Honestly BTT would have done the same, I have never seen a forum with so many insults, indecent vocabulary and useless information.
That's probably why we don't get better insight from hair researchers, we baldies go totally crazy when it come to discuss treatments

----------


## nameless

> you're only angry because devon told you to take your AAPE elsewhere. after that, you started to criticize him about deleting negative posts. of course he's deleting you're nonsense posts alongside with the others. i wondered how long he would tolerate all the nonsense happening on the forum. it was time to give some restrictions, nothing wrong with that alone.  thus, dry your tears and move on.


 1. I could care less if they put AAPE inside of their gel or not. I'm focusing more on Piloscopy and SM04554 now. Piloscopy and SM04554 always were WAY more hopeful than Follicept. 

2. My posts saying that Follicept is failing isn't nonsense anymore than the posts by posters are nonsense. You just don't want to hear the honest bad news so you rag on the people who give you the honest bad news. You're intolerant and you want the people posting honest bad opinions silenced so you support Prometheon's censorship. 

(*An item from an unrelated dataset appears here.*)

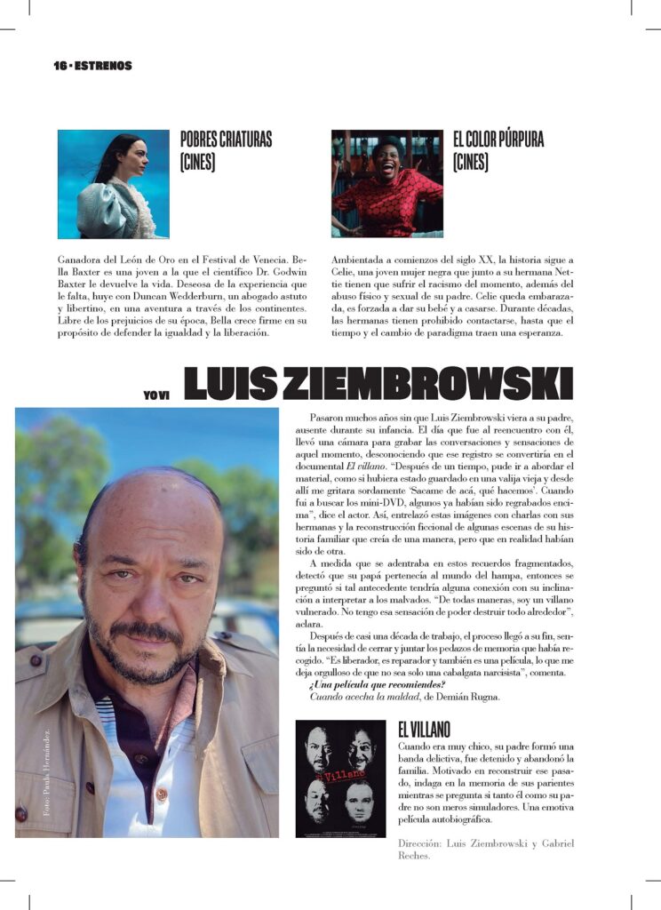 Pasaron muchos años sin que Luis Ziembrowski viera a su padre, ausente durante su infancia. El día que fue al reencuentro con él, llevó una cámara para grabar las conversaciones y sensaciones de aquel momento, desconociendo que ese registro se convertiría en el documental El villano. “Después de un tiempo, pude ir a abordar el material, como si hubiera estado guardado en una valija vieja y desde allí me gritara sordamente ‘Sacame de acá, qué hacemos’. Cuando fui a buscar los mini-DVD, algunos ya habían sido regrabados encima”, dice el actor. Así, entrelazó estas imágenes con charlas con sus hermanas y la reconstrucción ficcional de algunas escenas de su historia familiar que creía de una manera, pero que en realidad habían sido de otra.
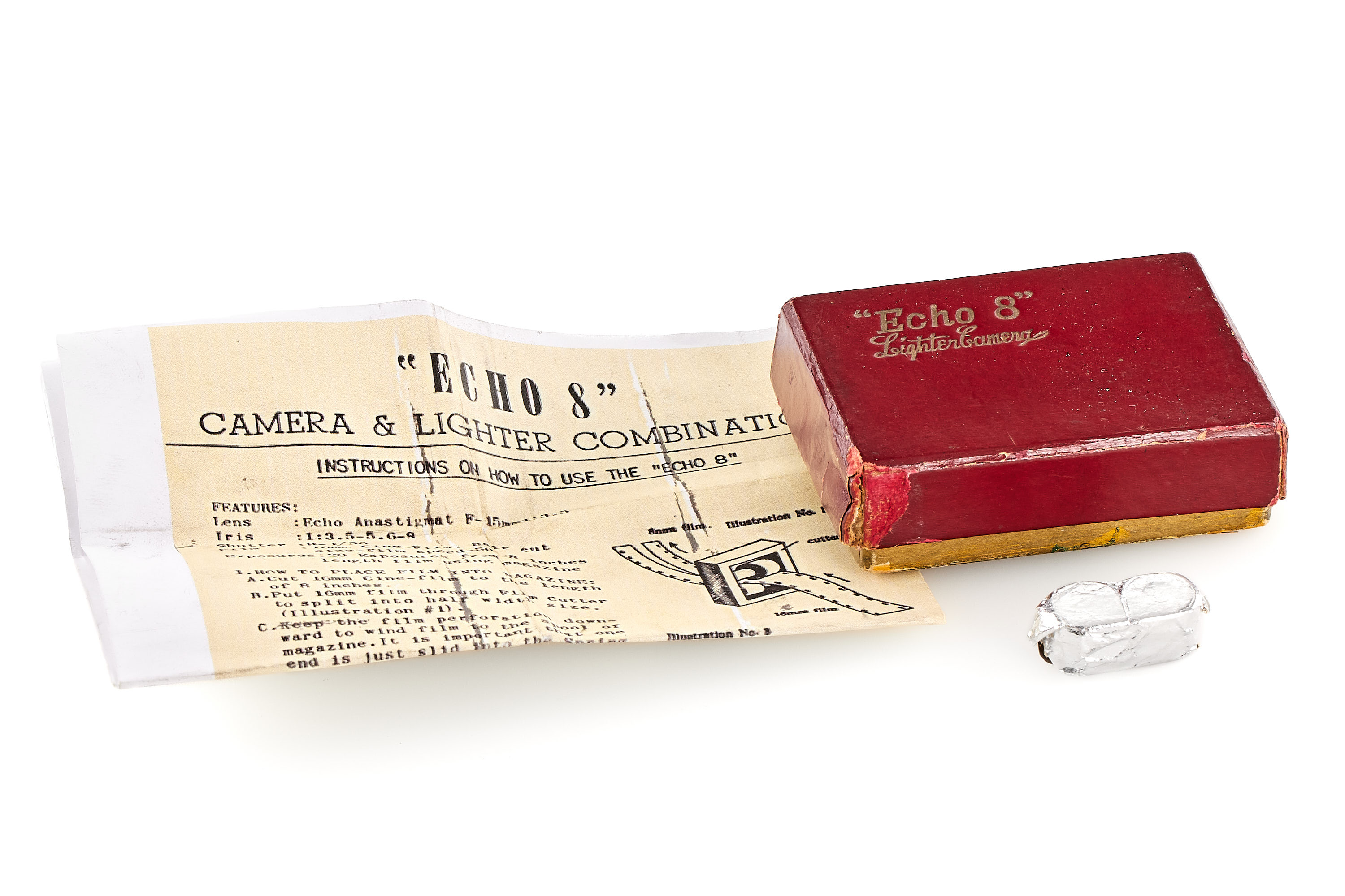 Rare Japanese lighter camera similar to the Echo 8, improved version with angle finder and I/B speed switch, Echor 3.5/15mm lens, in mint condition and working order, with spools and an additional sealed film pack, copy of instructions and Echo 8 red maker's box.

3. Actually the posts that are the most nonsensical are the posts that are positive about Follicept because Prometheon's own photographic evidence irrefutably shows that there is NO improvement in ANY of the subjects after almost 7 weeks. 

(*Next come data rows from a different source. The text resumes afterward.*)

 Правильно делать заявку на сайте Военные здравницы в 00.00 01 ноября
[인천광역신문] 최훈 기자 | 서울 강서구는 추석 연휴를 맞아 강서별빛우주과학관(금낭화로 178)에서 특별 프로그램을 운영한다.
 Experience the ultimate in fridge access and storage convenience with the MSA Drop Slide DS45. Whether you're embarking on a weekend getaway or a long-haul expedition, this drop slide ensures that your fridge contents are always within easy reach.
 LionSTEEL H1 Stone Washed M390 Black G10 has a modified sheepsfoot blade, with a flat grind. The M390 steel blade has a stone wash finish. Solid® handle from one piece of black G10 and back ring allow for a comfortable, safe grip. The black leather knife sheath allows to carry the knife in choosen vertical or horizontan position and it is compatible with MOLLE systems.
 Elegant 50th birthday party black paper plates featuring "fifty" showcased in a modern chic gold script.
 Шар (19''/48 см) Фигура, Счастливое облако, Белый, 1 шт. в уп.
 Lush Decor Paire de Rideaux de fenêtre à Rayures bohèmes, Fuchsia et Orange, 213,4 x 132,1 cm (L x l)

Hey everybody, below is a post that Prometheon itself posted two days ago at their blog. This Prometheon post proves that my claims are true. Joachim says that I'm making this allegation because Prometheon won't put AAPE in their gel but the post below proves that the reason I'm reporting this is ONLY because Promtheon raised the issue in their own post. If Prometheon hadn't posted their plans to censor posts indicating that Follicept is failing then of course I would not have made the allegation that they did say it. I told them at Prometheon that I moved on from the idea of putting AAPE into their gel about a week ago and I have. Lots of people think my idea of putting AAPE in the Prometheon is a good idea but I myself don't care anymore. I'm still paying attention to whether or not Follicept works but it's not looking good right now and I'm way more interested in SM04554 and Piloscopy now.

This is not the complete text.